Se va cerrando esta pequeña y paradisíaca ventana abierta de Oriente Medio al mundo. El flujo de noticias se irá diluyendo. La operación masacre quizás se olvide. En Israel, es hora de resumir y decantar la guerra en números, como en el final de un videojuego: tantos ataques aéreos, tantos cohetes, tantos muertos, tanto dinero invertido.

Pero queda el zumbido. Repiqueteo monótono, torturante e insistente – efecto de la repetición sin fin de las diez frases hechas que conforman la consciencia israelí. Casi como disciplina para entrar en trance; manera de espantar pensamientos intrusos, dudas, debilidades, y de acallar voces inapropiadas.

Queda el zumbido, queda el repiqueteo retórico. Aprovechémoslo, aprovechemos el momento, horas antes de que la magia israelí dicte la amnesia colectiva y que la gente diga: ¡ah! ¿Cómo? ¡¡Nosotros no!! Pero ¿qué? ¡¡Por favor!! Seguiremos buscando la paz como siempre, incluso bajo las piedras…

Aprovechar este momento para cerrar esta ventana, ritualmente. Justo cuando la prensa local comienza, por primera vez en este último mes, a hacerse eco del sufrimiento ajeno para esculpir el consenso sobre la necesidad de interrumpir la fiesta guerrera – ya al borde de un cataclismo diplomático.

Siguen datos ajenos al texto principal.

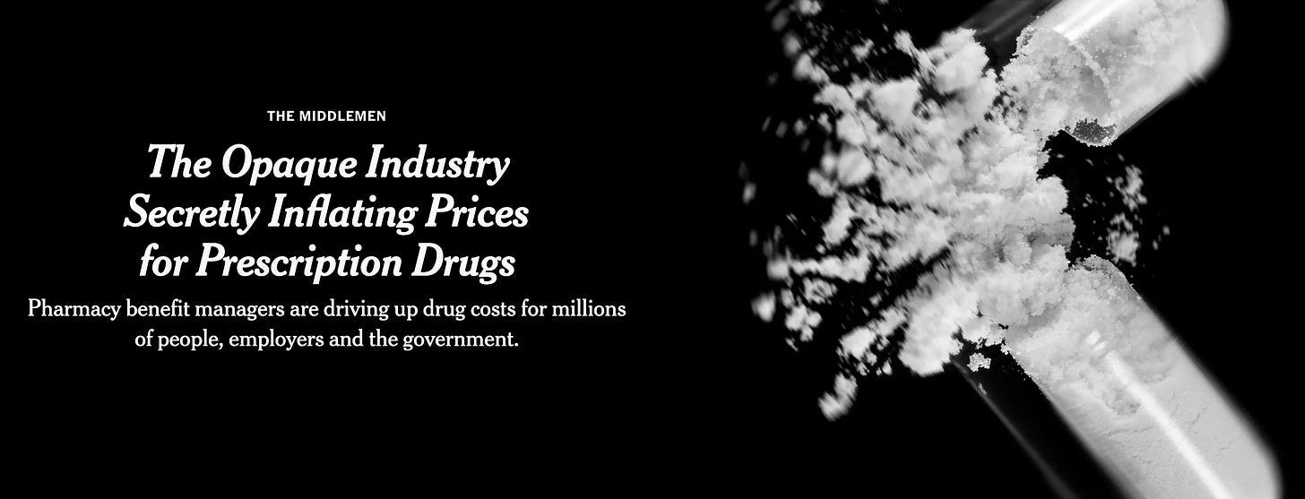 On the day we had this conversation, the NYtimes published quite the expose on PBMs (pharmacy benefit managers). Read it, it will drive you crazy, hopefully in a motivated way. There’s a reason these third parties don’t exist in most other countries around the world.

Justo cuando el escritor Amos Oz, como un Vargas Llosa obsesionado por el premio Nobel de literatura, decide acordarse y recitar en inglés – luego de 1800 muertos – que «solo la paz derrotará a Hamas».

Justo cuando comienzan a multiplicarse los artículos sobre el desastre humanitario en los hospitales de Gaza: «el ER palestino», decía casi a modo de burla cínica un medio israelí masivo, para describir el primitivismo tecnológico en la medicina gazatí de emergencia.

Justo cuando se multiplican los reportajes a soldados enojados al haberse quedado, según ellos, con las ganas, con un «gran sentimiento de oportunidad desperdiciada». Justo cuando comienzan a mutar las «playlist» de la radio, de la cadena de temas victimistas de holocausto, al mero pop alegre.

Recalquemos, entonces, antes de la vuelta a la rutina, que nada cambiará en este país, mientras sus habitantes sigan adorando la mitología militar, mientras se nieguen a rechazar organizadamente al enrolamiento – materializador de políticas de destrucción.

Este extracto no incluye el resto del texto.